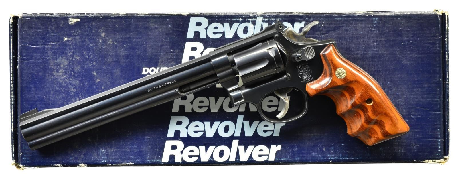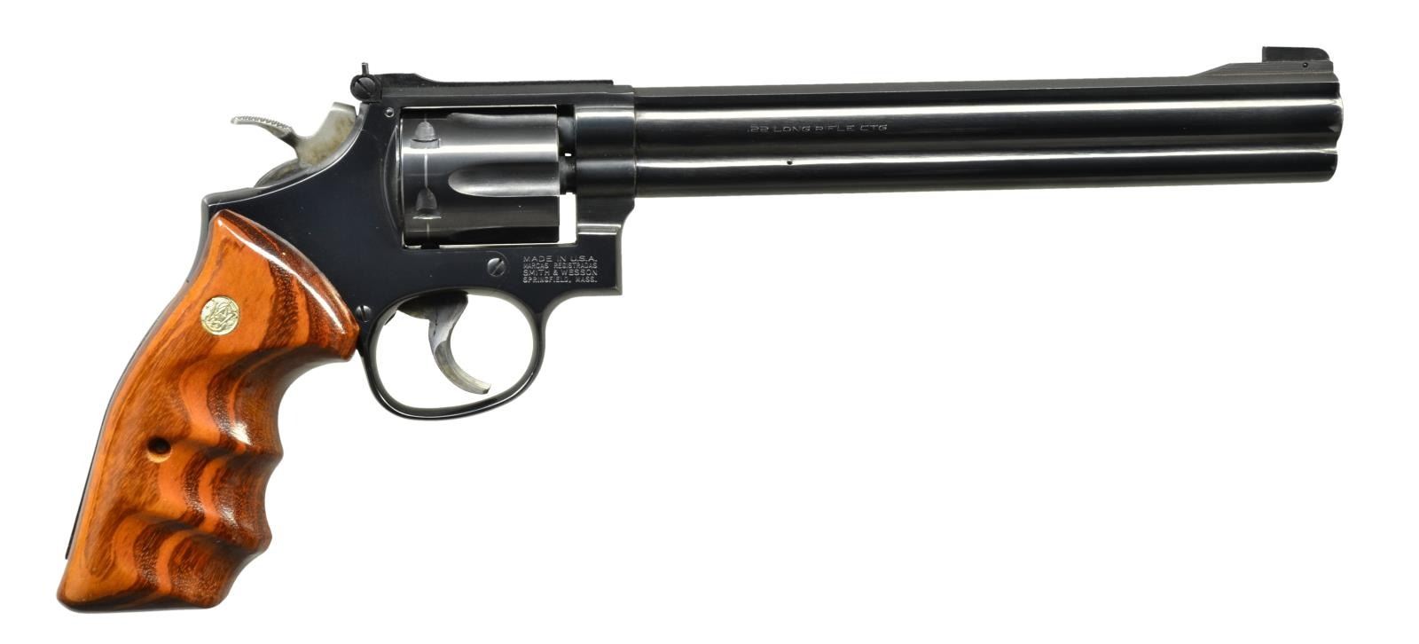 Cal. 22 LR. S# BEF0706. Bbl. 8 3/8" full lug w/ Patridge front sight & Micrometer rear. Mfg. approx. 1989; grips dated SEP 15, 1989. Blued w/ recessed cyl. & case colored target trigger & hammer. Smooth Goncalo Alves finger grooved combat grips w/ speed loader cutout. Premium features of long bbl. & target features. UNATTACHED ACCESSORIES: very good matching blue 1 piece box (back corner broken) w/ packaging to include tool kit. CONDITION: cyl. turn line & slight firing residue along w/ function wear on ejector rod. Very faint beginning thinning on some high points & lower front of frame. Overall very good to excellent appearance w/ near excellent bore & grips. (21-4220/NW). MODERN. $800-1,200.
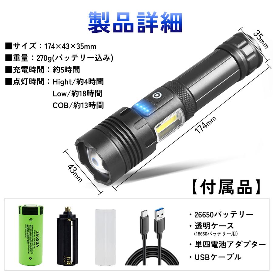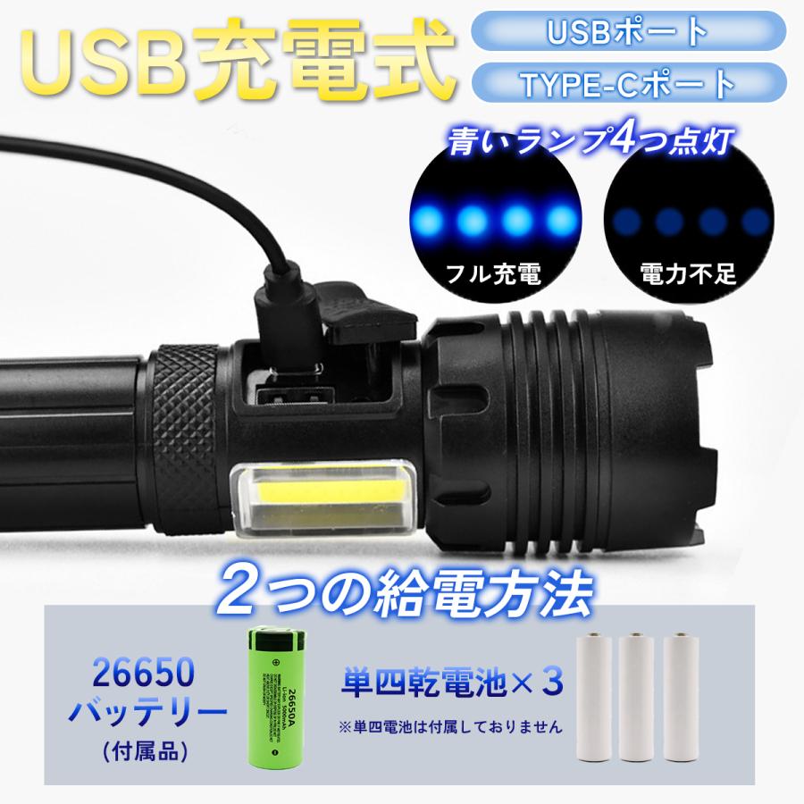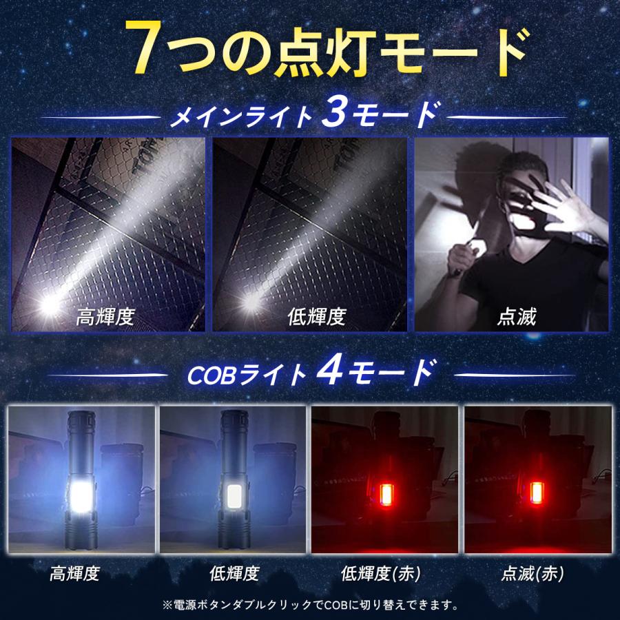 懐中電灯 led 強力 軍用 ledライト led懐中電灯 ハンディライト 充電式 cob ledライト タクティカルライト 最強 爆光
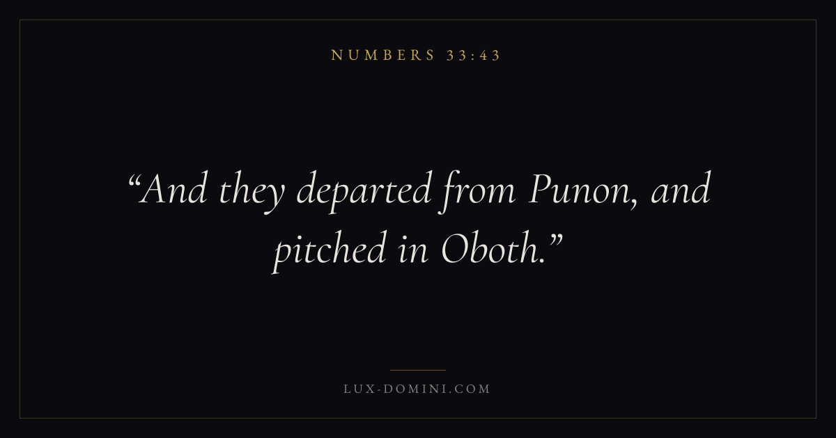 Books / Numbers / Chapter 33 / Verse 43 ← Numbers 33:42 Numbers 33:43 Numbers 33:44 → And they departed from Punon, and pitched in Oboth. Download verse card Share on Twitter Share on Facebook Pin it ✦ Key themes Justice and mercyPilgrimageRebellionJudgment Read with Numbers 33:41Numbers 33:42Micah 6:8Amos 5:24 Related topics Bible verses about justice and mercy Glossary Punon Place Biblical settlement. Modern identification: Khirbet Faynan. Oboth Place Biblical campsite. Modern identification: Ein Weibeh. ✦ Numbers Chapter 33 verses V. 1 V. 2 V. 3 V. 4 V. 5 V. 6 V. 7 V. 8 V. 9 V. 10 V. 11 V. 12 V. 13 V. 14 V. 15 V. 16 V. 17 V. 18 V. 19 V. 20 V. 21 V. 22 V. 23 V. 24 V. 25 V. 26 V. 27 V. 28 V. 29 V. 30 V. 31 V. 32 V. 33 V. 34 V. 35 V. 36 V. 37 V. 38 V. 39 V. 40 V. 41 V. 42 V. 43 V. 44 V. 45 V. 46 V. 47 V. 48 V. 49 V. 50 V. 51 V. 52 V. 53 V. 54 V. 55 V. 56
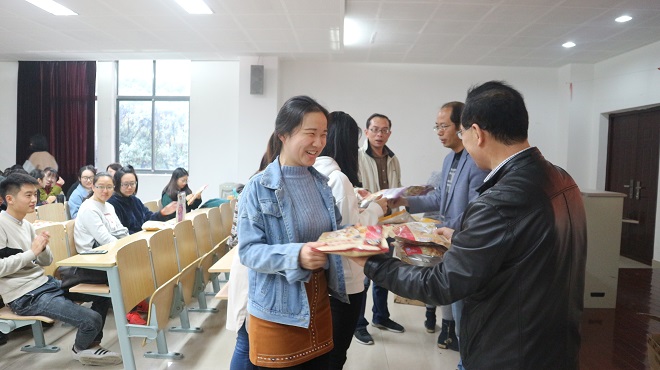 慰问会由杨艳老师主持。会上,黄书记鼓励青年学生积极考取研究生,对社会、对国家做出更大贡献。他指出,只要大家确立考研的目标,坚定考研的决心,向着理想大步前进,“我们有能力有基础有信心一定能成功实现愿望。”
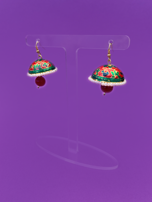 Red and Green Meenakari Jhoomka with Red Stone and Hook
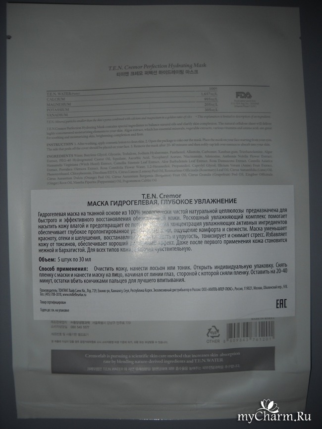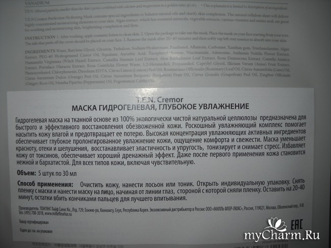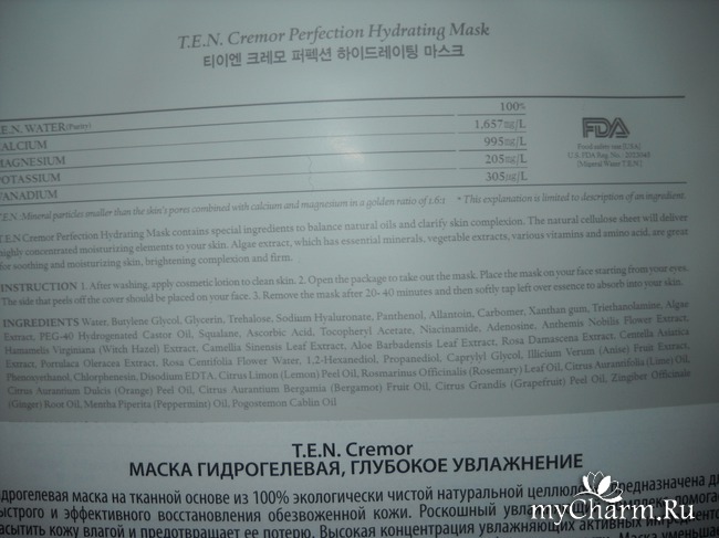 На обратной стороне упаковки можно найти более подробную информацию о продукте, в том числе и на русском языке. Как выяснилось, эта гидрогелевая масочка на тканной основе из стопроцентно натуральной экологически чистой целлюлозы активно способствует быстрому и эффективному восстановлению обезвоженной кожи. Великолепный увлажняющий комплекс, входящий в состав данной маски, не только помогает насытить кожу влагой, но и способствует предотвращению ее потери. А высочайшая концентрация активных увлажняющих ингредиентов дарует коже ощущение свежести и комфорта и обеспечивает ее пролонгированное глубокое увлажнение.
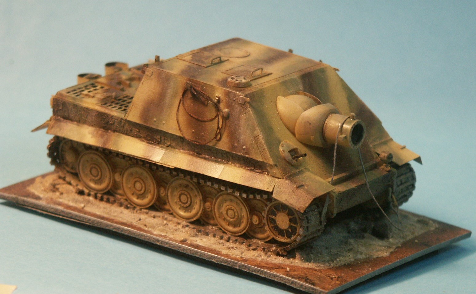 The model was finished in a three-color camouflage as portrayed in the instructions and in several historical photos. None of the wartime photos show Sturmtigers in the field to have crosses or unit markings so I did not add any to the model.
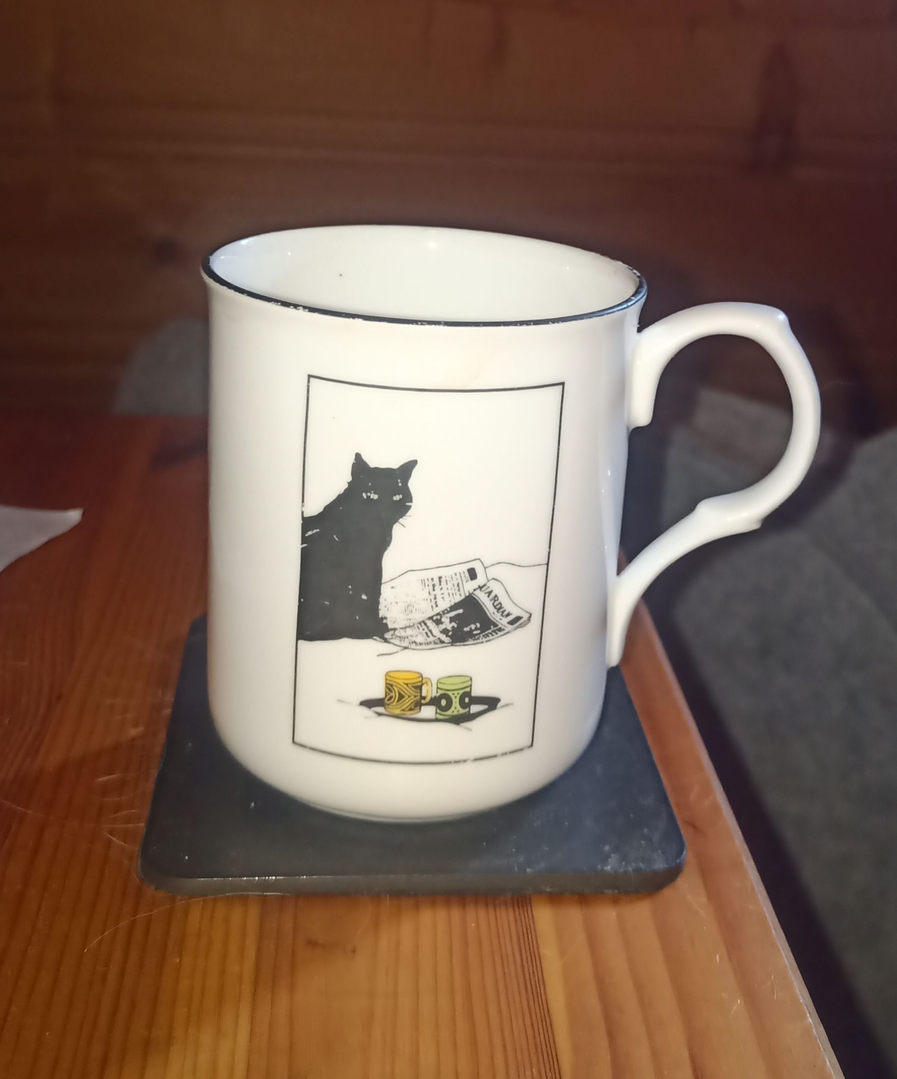 Black Cat Mug By Sue Boettcher. Got Two Of These Left, Used To Have Four, I Think. Lovely Fine Bone China. Must Be 35 Years Old By Now
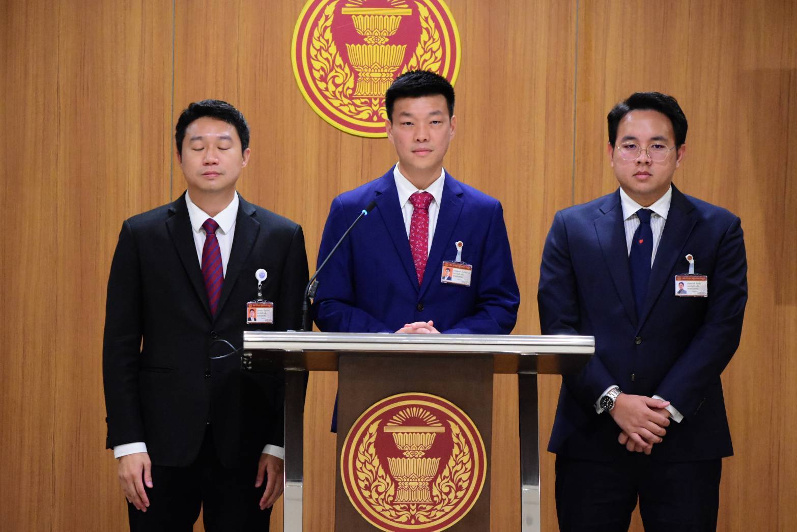 นายณัฐพงษ์ เรืองปัญญาวุฒิ ผู้นำฝ่ายค้านในสภาผู้แทนราษฎร และหัวหน้าพรรคประชาชน พร้อมด้วยนายวรภพ วิริยะโรจน์ สส.บัญชีรายชื่อ พรรคประชาชน และนายศุภโชติ ไชยสัจ สส.บัญชีรายชื่อพรรคประชาชน ร่วมแถลงข่าวการเดินหน้าปกป้องผลประโยชน์ประชาชนจากทุนพลังงานผูกขาด

•••

-- Required action --
Repeat exactly the lines in the entries from the one containing "На обратной стороне" to the final line, inclusive, and nothing beyond them; skip pictures.

-- Solution to this exercise --
 На обратной стороне упаковки можно найти более подробную информацию о продукте, в том числе и на русском языке. Как выяснилось, эта гидрогелевая масочка на тканной основе из стопроцентно натуральной экологически чистой целлюлозы активно способствует быстрому и эффективному восстановлению обезвоженной кожи. Великолепный увлажняющий комплекс, входящий в состав данной маски, не только помогает насытить кожу влагой, но и способствует предотвращению ее потери. А высочайшая концентрация активных увлажняющих ингредиентов дарует коже ощущение свежести и комфорта и обеспечивает ее пролонгированное глубокое увлажнение.
 The model was finished in a three-color camouflage as portrayed in the instructions and in several historical photos. None of the wartime photos show Sturmtigers in the field to have crosses or unit markings so I did not add any to the model.
 Black Cat Mug By Sue Boettcher. Got Two Of These Left, Used To Have Four, I Think. Lovely Fine Bone China. Must Be 35 Years Old By Now
 นายณัฐพงษ์ เรืองปัญญาวุฒิ ผู้นำฝ่ายค้านในสภาผู้แทนราษฎร และหัวหน้าพรรคประชาชน พร้อมด้วยนายวรภพ วิริยะโรจน์ สส.บัญชีรายชื่อ พรรคประชาชน และนายศุภโชติ ไชยสัจ สส.บัญชีรายชื่อพรรคประชาชน ร่วมแถลงข่าวการเดินหน้าปกป้องผลประโยชน์ประชาชนจากทุนพลังงานผูกขาด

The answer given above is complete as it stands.